* What the exercise asks
What should be copied is the stretch of entries below from the line with "Verbessern Sie Ihre" up to and including the line with "英超豪门曼联队昨日抵达北京,开始他们的中", exactly and without images.

* Provided material
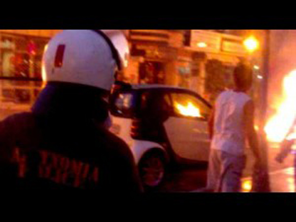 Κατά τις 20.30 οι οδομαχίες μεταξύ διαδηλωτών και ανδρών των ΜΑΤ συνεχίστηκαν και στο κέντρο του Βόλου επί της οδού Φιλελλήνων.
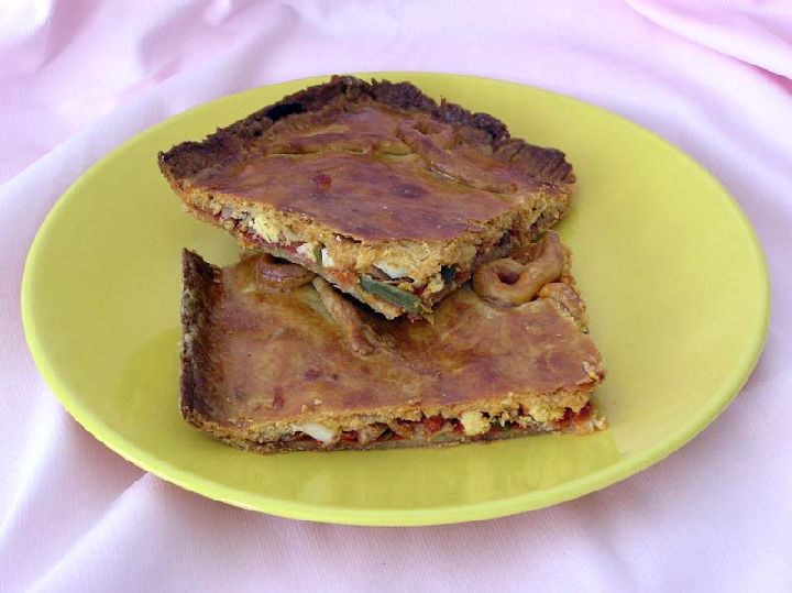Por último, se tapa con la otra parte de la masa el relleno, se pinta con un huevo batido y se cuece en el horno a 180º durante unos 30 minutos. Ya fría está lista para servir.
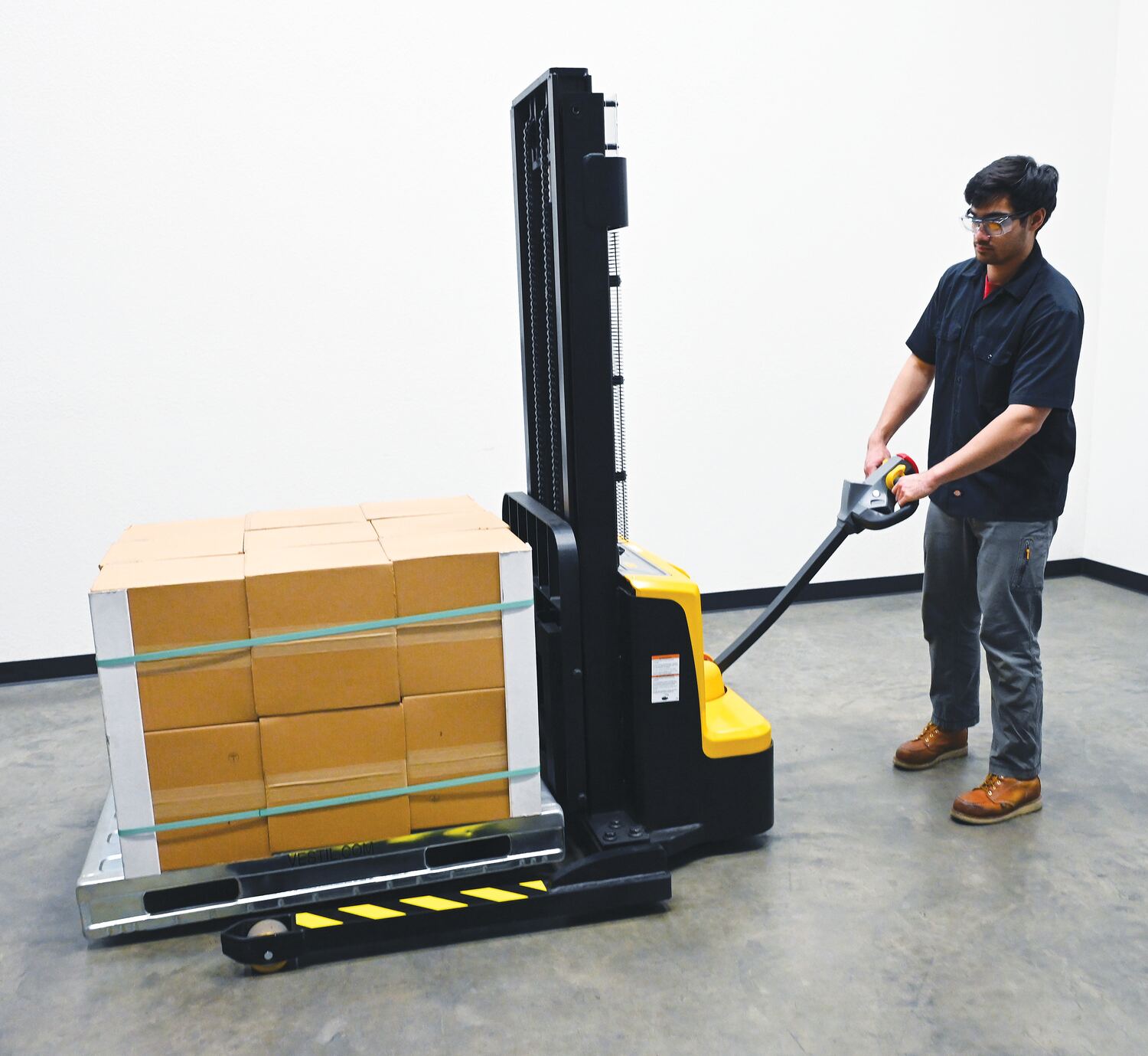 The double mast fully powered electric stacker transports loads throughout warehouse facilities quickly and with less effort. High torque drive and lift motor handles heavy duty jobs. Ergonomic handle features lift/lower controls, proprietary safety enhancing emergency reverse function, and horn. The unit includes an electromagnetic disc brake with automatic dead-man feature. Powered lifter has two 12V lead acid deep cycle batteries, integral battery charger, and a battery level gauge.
* * *
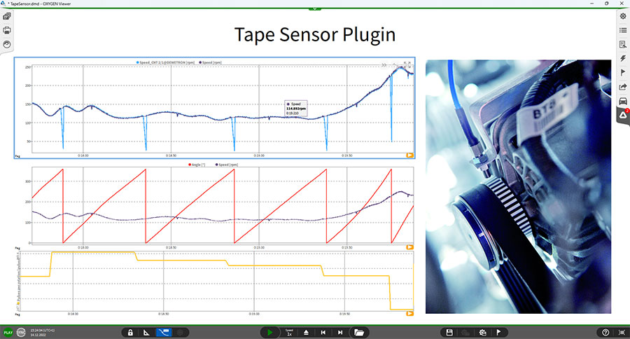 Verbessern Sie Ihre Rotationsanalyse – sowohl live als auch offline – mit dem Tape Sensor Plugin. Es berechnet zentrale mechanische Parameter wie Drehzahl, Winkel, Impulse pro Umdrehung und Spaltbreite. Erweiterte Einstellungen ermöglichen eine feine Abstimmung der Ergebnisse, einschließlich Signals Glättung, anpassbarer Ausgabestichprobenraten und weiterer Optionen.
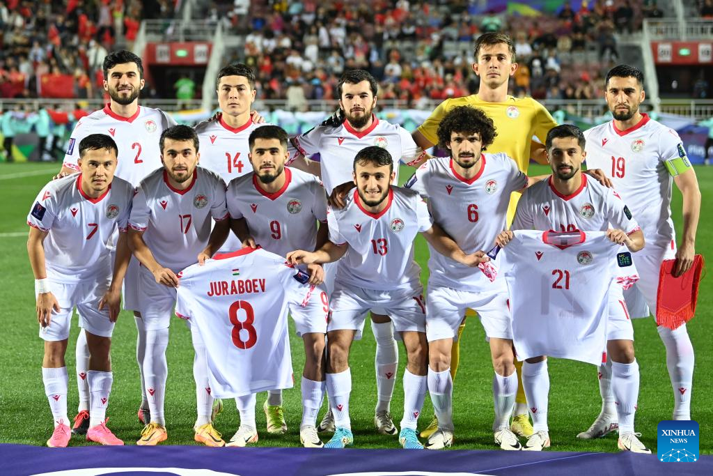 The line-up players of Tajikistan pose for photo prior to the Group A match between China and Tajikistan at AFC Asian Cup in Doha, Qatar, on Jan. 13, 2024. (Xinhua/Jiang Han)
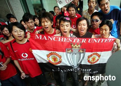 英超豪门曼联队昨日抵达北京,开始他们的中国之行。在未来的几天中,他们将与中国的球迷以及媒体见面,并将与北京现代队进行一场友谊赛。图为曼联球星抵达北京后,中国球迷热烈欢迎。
* * *
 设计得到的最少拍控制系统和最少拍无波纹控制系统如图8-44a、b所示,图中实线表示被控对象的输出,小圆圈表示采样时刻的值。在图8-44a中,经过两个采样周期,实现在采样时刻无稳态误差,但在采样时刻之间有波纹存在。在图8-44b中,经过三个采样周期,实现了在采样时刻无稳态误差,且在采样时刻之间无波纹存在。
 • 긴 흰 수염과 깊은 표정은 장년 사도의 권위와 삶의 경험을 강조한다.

* Written reply
 Verbessern Sie Ihre Rotationsanalyse – sowohl live als auch offline – mit dem Tape Sensor Plugin. Es berechnet zentrale mechanische Parameter wie Drehzahl, Winkel, Impulse pro Umdrehung und Spaltbreite. Erweiterte Einstellungen ermöglichen eine feine Abstimmung der Ergebnisse, einschließlich Signals Glättung, anpassbarer Ausgabestichprobenraten und weiterer Optionen.
 The line-up players of Tajikistan pose for photo prior to the Group A match between China and Tajikistan at AFC Asian Cup in Doha, Qatar, on Jan. 13, 2024. (Xinhua/Jiang Han)
 英超豪门曼联队昨日抵达北京,开始他们的中国之行。在未来的几天中,他们将与中国的球迷以及媒体见面,并将与北京现代队进行一场友谊赛。图为曼联球星抵达北京后,中国球迷热烈欢迎。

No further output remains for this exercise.